PROJECT SUMMARY / ABSTRACT The overall goal of this proposal is to explore the molecular and electrophysiological role of NFATC1 as a novel atrial fibrillation (AF) susceptibility gene and to define the previously unknown contribution of NFATC1 to atrial excitability. AF, the most common sustained arrhythmia encountered in clinical practice, has an economic burden exceeding $7 billion in annual health care costs. Emerging evidence implicates cardiac transcription factors in the pathogenesis in both familial forms of AF and AF in the general population. We identified a mutation in the cardiac transcription factor NFATC1 in a high-risk Utah pedigree defined by young onset AF. NFATC1 is a Ca2+- dependent transcription factor postulated to play a role in cardiac development, but up until now has never been associated with cardiac excitability. Our exciting preliminary data identify a novel role for NFATC1 in modulating atrial excitability, in that nfatc1 null zebrafish develop spontaneous atrial tachyarrhythmia and juvenile sudden death. Aim 1 seeks to define the biochemical, molecular and electrophysiological basis of the mutant NFATC1 dysfunction, using the HL-1 atrial cell line, a human cell culture model (patient-specific and genome-edited induced pluripotent stem cell derived cardiomyocytes, iPSC-CMs), and a whole animal model (transgenic zebrafish). Aim 2 characterizes the role of NFATC1 in modulating atrial excitability by exploring the molecular and electrophysiological basis for the atrial tachyarrhythmia in nfatc1 null zebrafish. Aim 3 will define NFATC1- controlled transcriptional networks and gene pathways that regulate cardiac excitability, using single-cell RNA- Seq, ChIP-Seq and ChIP-Mass Spectroscopy in human atrium and NFATC1 null and WT iPSC-CMs. Our proposal leverages human genetics, genome-editing techniques, state-of-the-art Next-Gen sequencing modalities and bioinformatics, and electrophysiology to comprehensively characterize the novel role of NFATC1 in cardiac excitability and AF pathogenesis. An understanding of a key transcriptional network that regulates ion channel gene expression and atrial excitability will provide a broader, and more comprehensive understanding of arrhythmia susceptibility and lay the foundation for novel AF therapies.

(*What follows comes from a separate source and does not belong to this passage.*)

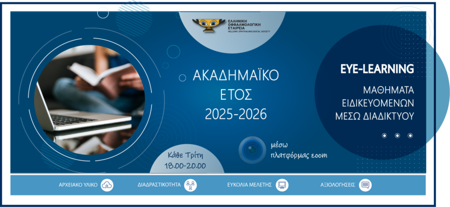 Ο οφθαλμίατρος χειρουργός Λοκοβίτης Ευάγγελος MD, FEBOphth, Ειδικός στη Χειρουργική Βλεφάρων, Δακρυϊκής συσκευής & Κόγχου και μέλος του Ινστιτούτου Ophthalmica, συμμετέχει ως ομιλητής στα Μαθήματα Ειδικευομένων της Ελληνικής Οφθαλμολογικής Εταιρείας για το ακαδημαϊκό έτος 2025-2026, στο πλαίσιο της θεματικής ενότητας: Κόγχος – Βλέφαρα – Δακρυϊκή Συσκευή

项目概要/摘要 该提案的总体目标是探索 NFATC1 作为一种新型药物的分子和电生理作用。 心房颤动 (AF) 易感基因，并定义 NFATC1 对心房颤动的先前未知的贡献 兴奋性。房颤是临床实践中最常见的持续性心律失常，具有经济负担 每年的医疗保健费用超过 70 亿美元。新的证据表明心脏转录因子 AF 家族型和一般人群中 AF 的发病机制。我们发现了一个突变 心脏转录因子 NFATC1 在由年轻发病 AF 定义的高危犹他州家系中。 NFATC1 是一种 Ca2+- 依赖转录因子被认为在心脏发育中发挥作用，但迄今为止从未被证实 与心脏兴奋性有关。我们令人兴奋的初步数据确定了 NFATC1 在调节中的新作用 心房兴奋性，nfatc1 缺失的斑马鱼会出现自发性房性快速心律失常和幼年突发性猝死 死亡。目标 1 试图确定 NFATC1 突变体的生化、分子和电生理学基础 功能障碍，使用 HL-1 心房细胞系，一种人类细胞培养模型（患者特异性和基因组编辑 诱导多能干细胞衍生的心肌细胞（iPSC-CM）和整个动物模型（转基因 斑马鱼）。目标 2 通过探索分子机制来表征 NFATC1 在调节心房兴奋性中的作用 nfatc1 缺失斑马鱼房性快速心律失常的电生理学基础。目标 3 将定义 NFATC1- 使用单细胞 RNA-控制转录网络和调节心脏兴奋性的基因途径 人心房以及 NFATC1 null 和 WT iPSC-CM 中的 Seq、ChIP-Seq 和 ChIP-质谱。 我们的提案利用了人类遗传学、基因组编辑技术、最先进的下一代测序 模态和生物信息学以及电生理学来全面表征 NFATC1 的新作用 心脏兴奋性和 AF 发病机制。了解调节离子的关键转录网络 通道基因表达和心房兴奋性将提供更广泛、更全面的理解 心律失常易感性的研究，为新型 AF 疗法奠定基础。